== WHAT THE EXERCISE ASKS ==
Reproduce the whole listing that follows, character for character, and drop the images.

== DATA EXCERPT ==
+++

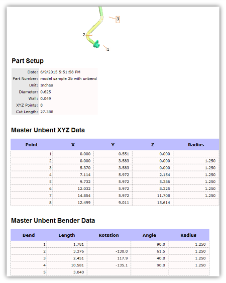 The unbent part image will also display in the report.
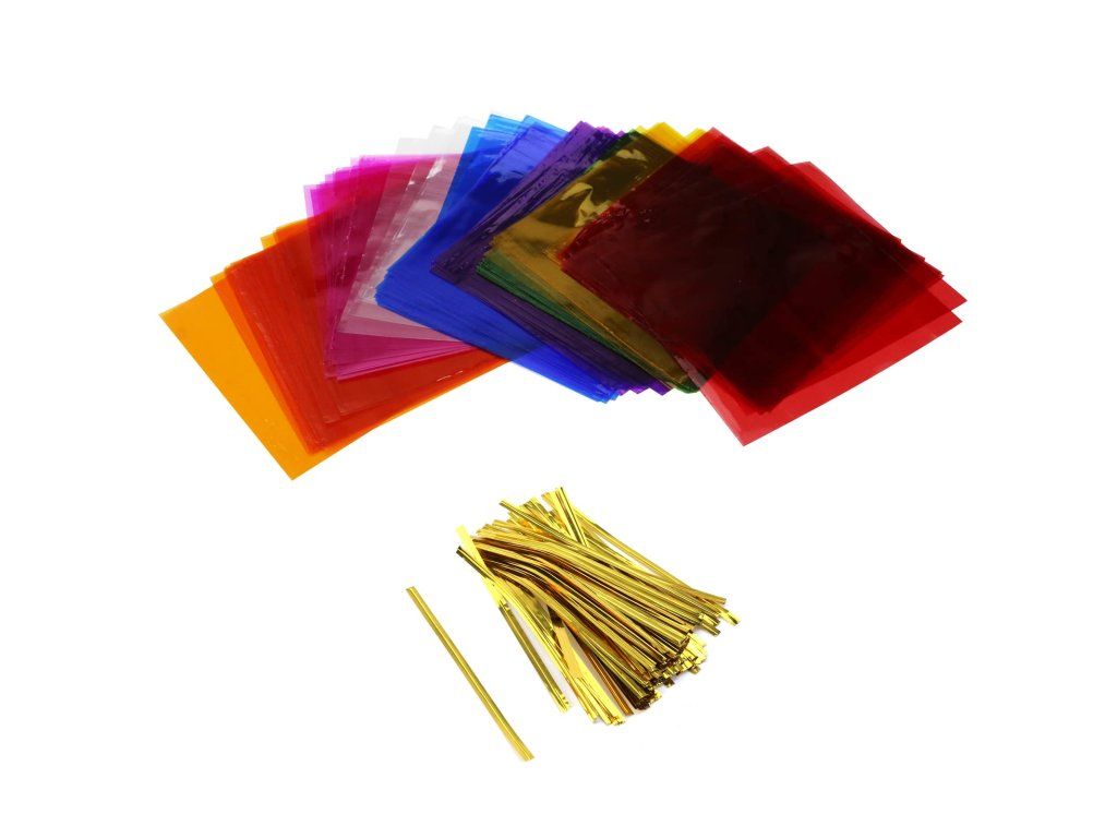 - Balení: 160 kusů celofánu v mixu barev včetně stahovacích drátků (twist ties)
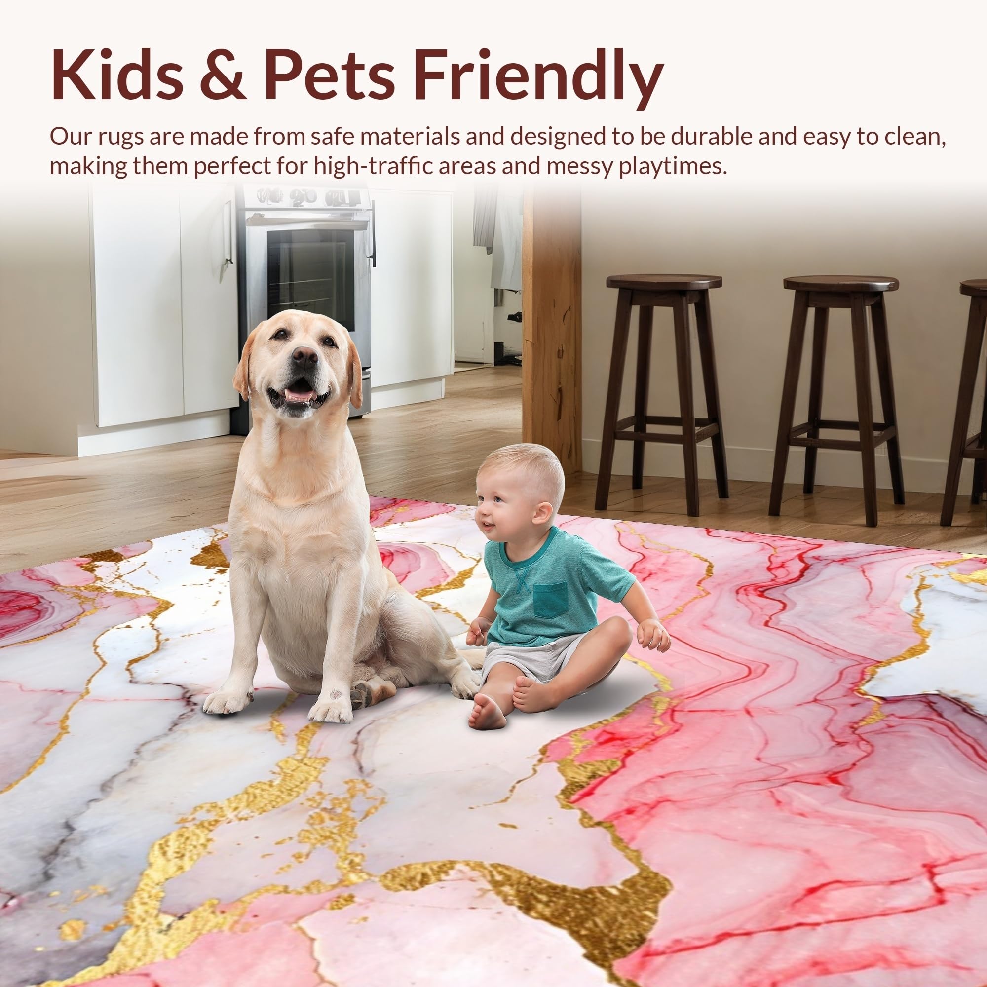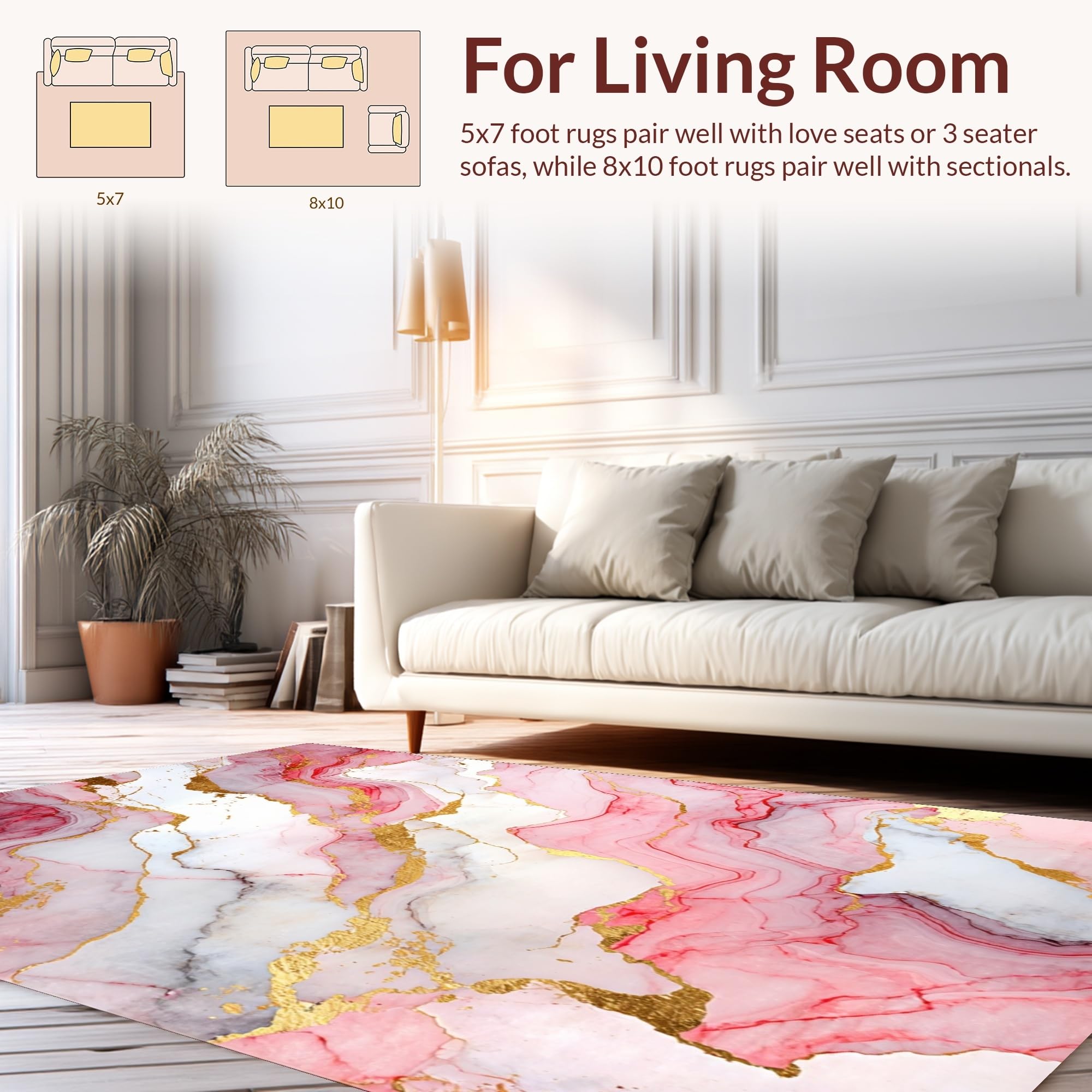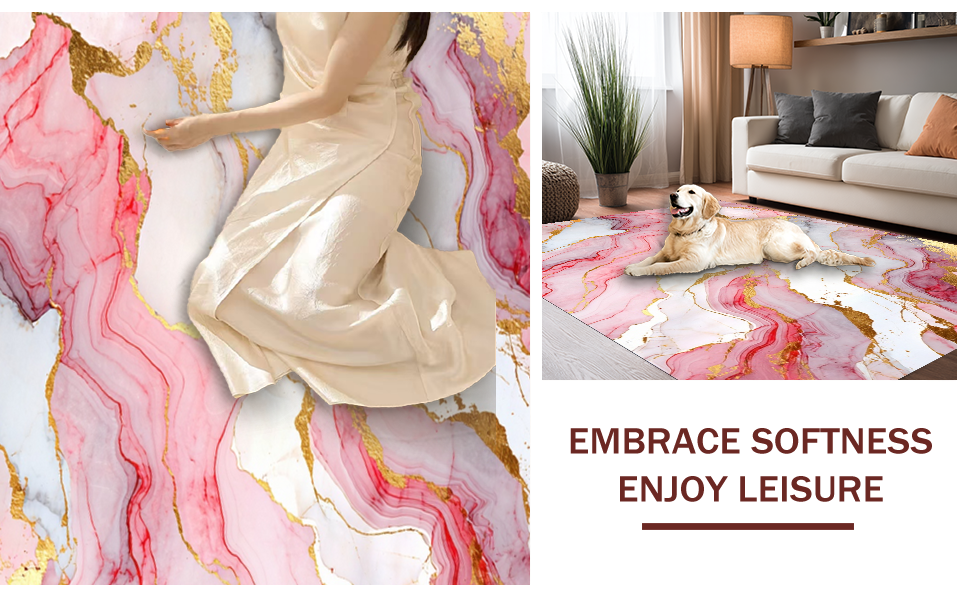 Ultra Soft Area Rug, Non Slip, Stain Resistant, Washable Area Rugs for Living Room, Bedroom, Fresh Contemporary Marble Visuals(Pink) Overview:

+++

== ANSWER FOR THE TASK ==
 The unbent part image will also display in the report.
 - Balení: 160 kusů celofánu v mixu barev včetně stahovacích drátků (twist ties)
 Ultra Soft Area Rug, Non Slip, Stain Resistant, Washable Area Rugs for Living Room, Bedroom, Fresh Contemporary Marble Visuals(Pink) Overview:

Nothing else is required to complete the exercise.